I set a frame of reference with origin on the ground and the positive Y axis pointing up.
It would slip at t0 = 0, from a position Y0 = 5 ft, with a speed of Vy0 = 0.
It would be subject to an gravitational acceleration of -32.2 ft/s^2.
Since acceleration is constant:
Y(t) = Y0 + Vy0 * t + 1/2 * 4 * t^2
When it hits the floor at t1 it will be at Y(t1) = 0
0 = 5 + 0 * t1 - 16.1 * t1^2
16.1 * t1^2 = 5
t1^2 = 5 / 16.1
If the elevator is standing still it would take 0.55 s to hit the ground.
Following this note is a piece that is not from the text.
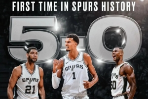 很難想象,在馬刺輝煌的球隊(duì)歷史上,竟從未有過(guò)5連勝開(kāi)局,而那個(gè)夜晚,年僅21歲的文班亞馬,用27分、18個(gè)籃板、6次助攻和5次封蓋的華麗數(shù)據(jù),率隊(duì)107-101力克熱火,將戰(zhàn)績(jī)改寫(xiě)為5勝0負(fù),就此書(shū)寫(xiě)新的歷史。

Now, if the elevator is moving up at 10 ft/s.
The frame of reference will have its origin at the place the floor of the elevator is at t = 0, and stay there as the elevetor moves. The floor of trhe elevator will have a position of Ye = 10 * t
Vy0 = 10 ft/s because it will be moving initially at the same speed as the elevator.
And it will hit the floor of the elevator not at 0, but at
Ye = 10 * t2
So:
10 * t2 = 5 + 10 * t2 - 16.1 * t2^2
0 = 5 - 16.1 * t2^2
16.1 * t1^2 = 5
t1^2 = 5 / 16.1
It falls at the same speed in both cases.